Personal details
- Born: Quinton "Quinn" Golden October 25, 1954 Memphis, Tennessee, U.S.
- Died: July 28, 2003 (aged 48) Memphis, Tennessee, U.S.

= Quinn Golden =

American singer (1954–2003)

Quinton "Quinn" Golden (October 25, 1954 – July 28, 2003) was an American soul blues, blues, and R&B singer from Memphis, Tennessee.

==Personal life==
Quinton "Quinn" Golden was born in Memphis, Tennessee, to Bernice M. Golden. He had two sons, Kevin and Tevin. He died on July 28, 2003, at Delta Medical Center in Memphis.

==Career==
A soul blues, blues, and R&B singer, Quinn sang with Rufus Thomas, Ollie and the Nightingales and The Bar-Kays. Later he joined the Al Green Orchestra and travelled with this group for seven years. Other entertainers that Quinn performed with included Ike Turner, Shirley Brown, Denise LaSalle, Bobby Rush and Carl Sims. During his career, Quinn also wrote songs with and/or collaborated with such artists as Carl Sims, Ollie Nightingale, Lee "Shot" Williams, Chuck Roberson, J. Blackfoot and Toni Greene. Other entertainers that Quinn worked with included Barry White, Bob Dylan and Ron Woods.

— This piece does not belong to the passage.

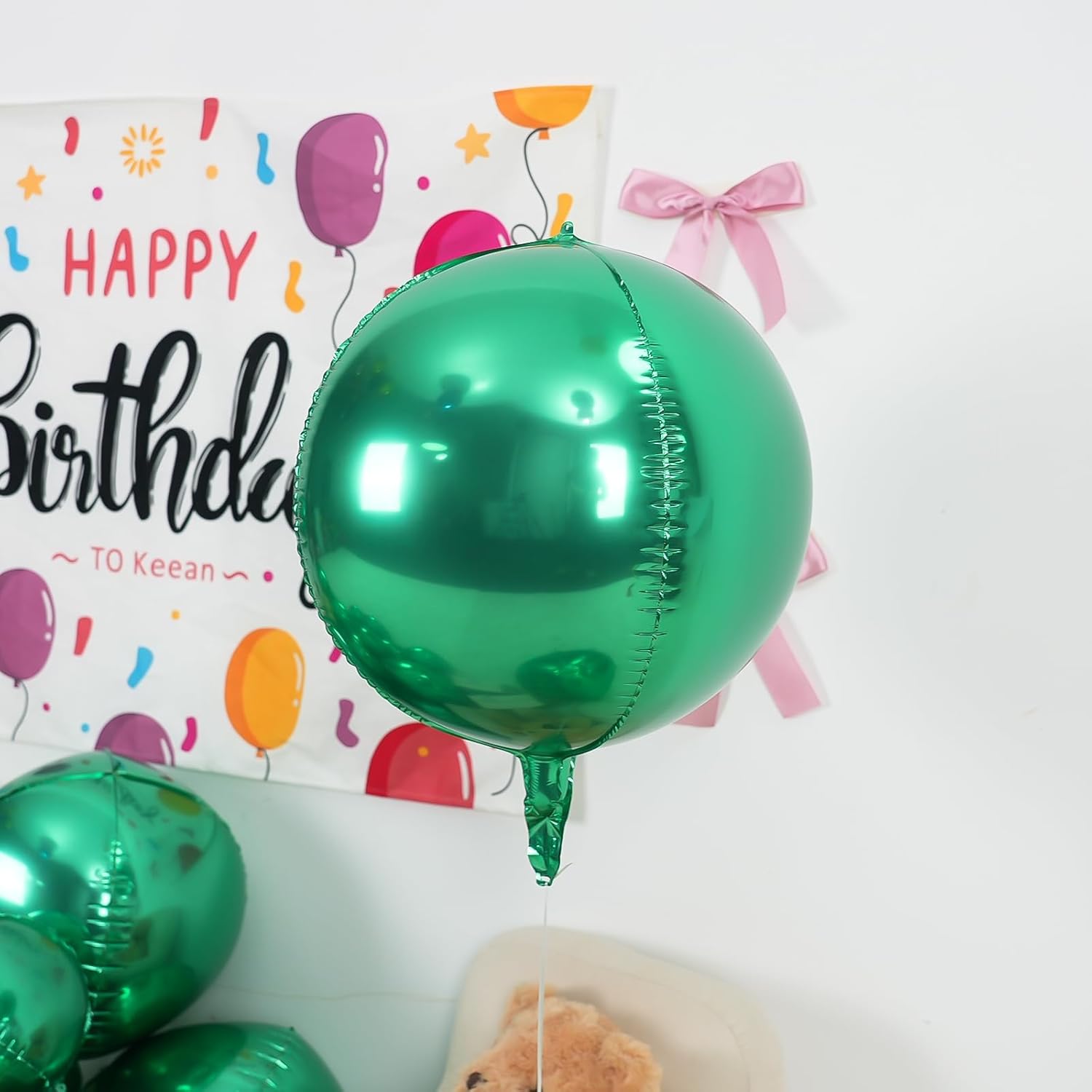 - Package: You will receive 12pcs 4D green round foil balloon, 3pcs 22inch + 4pcs 15inch + 5pcs 10inch + 1 straw + 1 roll of ribbon. Different sizes balloons in can meet your party needs. 10inch mini size balloons do not support helium filling and floating. The classic solid green chrome balloons are perfect for any green-themed party.

In 1990, Quinn released his first solo album, I'm Serious About Your Love, on the Traction label out of Jackson, Mississippi. In 1991, a single from this album, "Cover You With A Kiss" won several awards at the Jackson Music Awards in Jackson, Mississippi.

Later in Quinn's career, he signed with Ecko Records of Memphis, Tennessee. During his tenure with Ecko, Quinn recorded several CDs which included Cover You With A Kiss, What's The Name Of That Thang, A Little Sumpin' Sumpin, On Q., and his last release, Bottoms Up!.